Örnek Pile

“Pile’de olay” haberini okuyunca, hükümetten önce olmasın diye, bir gün rotarla Pile’ye gittim. Köy kahvesinde eski dostlarla kucaklaştık. Bir grup İngiliz biralarını bırakarak beni karşıladılar, hal hatır sordular, fotoğraf çektiler. Soruları, Rum tarafını işaret ederek “Bunlarla mı birleşeceksiniz?”. Cevap vermedim. Köylüler beni görünce kâğıt oyununu bırakmışlardı. Hep böyle olur. İçlerinde kazanma şansı olan içinden “Nereden çıkıp geldi bu Denktaş” der ama yine de bunu belli etmediler.
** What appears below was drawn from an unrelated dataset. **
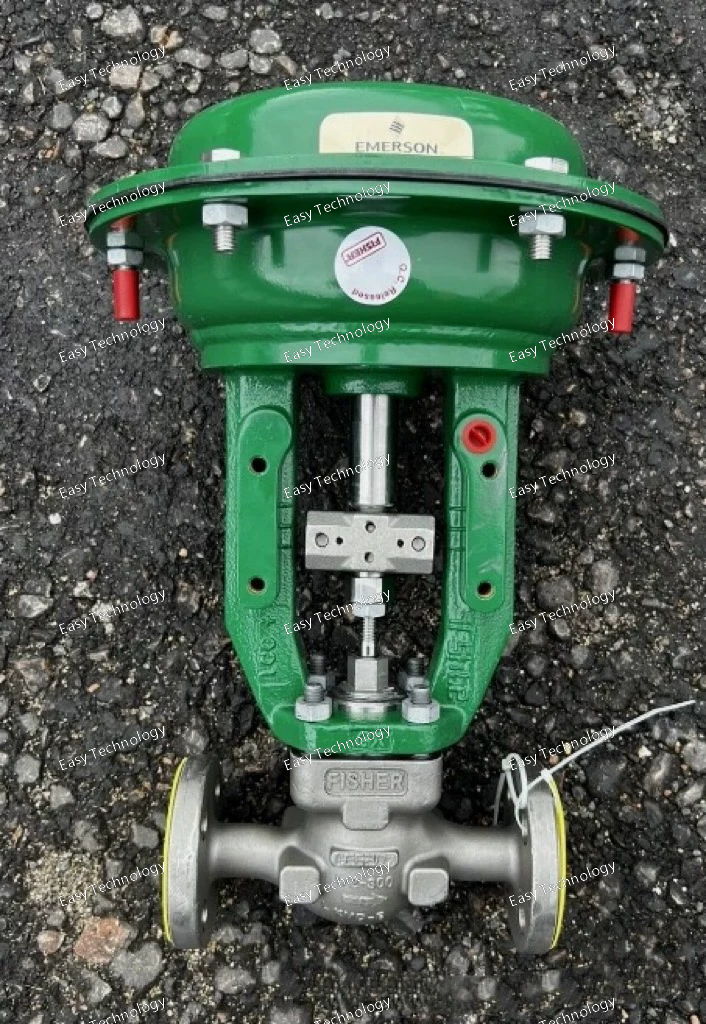Key Specifications / Parameters Valve Series: Fisher GX Control Valve & Actuator System Valve Body Size: DN 50 (nominal 50 mm) Pressure Rating: PN 40 (per EN standard) for body/flange construction. The GX series supports classes up to PN 40 in EN ratings. End Connections: Flanged, raised face (EN 1092‑1) for the PN 40 version; butt‑weld or socket weld end variants may also exist in certain builds Flow Characteristics: Equal‑percentage or linear trim selections available; special trims (micro‑flow, low‑flow, noise/cavitation control) optional Shut‑off Class: Standard metal‑to‑metal seat = Class IV; optional upgrades to Class V (metal seat) or Class VI (soft seat) Materials of Construction: Body/bonnet options include carbon steel, stainless steel and alloy materials; trim/seat options include metal‑hard faces or soft seats depending on service Service Capabilities: General service (liquid, vapor, gas), corrosive service, low‑flow applications, noise/cavitation mitigation; standard live‑loaded packing; optional extension bonnets for high temperature or cryogenic service Actuator/Accessory: GX actuator is a compact multi‑spring pneumatic type integrated with valve body; automated sizing so once body construction selected, actuator size is fixed; digital valve controller option (FIELDVUE) available Face‑to‑Face / Dimensions: Compliant with EN/ISA/ANSI standards for face‑to‑face dimension; for DN 50 size the internal diameter and wall thickness correspond to ~Ø60.3 mm × 2.9/3.2 mm for butt‑weld ends in some variants Flow direction: Typically “flow‑up” for standard trim but flow‑down and special trim variants are supported

Hükümetin ilgisizliğinden yakındılar. Beyarmudu’ndan köye geliş iyice sıkıntılı. İngiliz kontrolü var. Özel kimlik kartı gerekir. İşçilerin gidiş geliş saatlerinde yaz kış demeden kuyruk var. Dert çok. Dinleyen, çare bulan yok. Barış Gücü ve İngiliz kontrolü sayesinde köylünün birçok işi artık Rum tarafında halledilmekte. Yiğitler yolu açılsa rahat edecekler. Fakat Rum razı değil diye bizimkiler de bastırmıyormuş. Korkusuz, engelsiz seyahat etmek hakları kısıtlanmakta. BM polisi de bu kısıtlamaların koruyucusu sanki. Rumlar Yeşilırmak yolunun açılmasını istiyor, fakat “Yiğitler yolu olmaz” diyor; Erenköy yolunu da açmıyorlar. Yeni olay ne ola? Köylü “İlk defa değil ki” diyor. Ancak yakalanan yok. Köye minare yapıldı diye Rumlar da bu küçük köye devasa bir kilise yapmışlar. BM’nin bayrağı ve polislerinin korumasında gelecekteki müşterek hayatın örnek köyü işte bu.   
“Tek halk, tek vatandaş, tek devlet” formülü altında “iki toplumlu, iki bölgeli federasyonda” da “örnek Pile’de” yaşandığı gibi bir hayata hazır olmalıyız. Hristofyas halkın, toprağın, ekonominin, kurumların tek olduğu bir Kıbrıs öngörmektedir. Pile’de olduğu gibi “bazı sorumsuzların” Türklere yapacakları “yaramazlıkları” karşılıklı beyanatlarla geçiştirmekten başka çaremiz olmayacak. Dayanacağız dayanabildiğimiz kadar! Başka çare yok ki! Tekleşmiş ülkede hangi makama, hangi daireye gitseniz Rum çoğunluk idaresiyle karşılaşacaksınız. Türk bölgesindeki idare ne olacak? Olduğu kadar olacak. Şimdiki memur kadrosunun yüzde 70’i işsiz kalacak. Önemli işler “hükümete”, yani merkeze havale edilecek. “Örnek Pile” dedik ya!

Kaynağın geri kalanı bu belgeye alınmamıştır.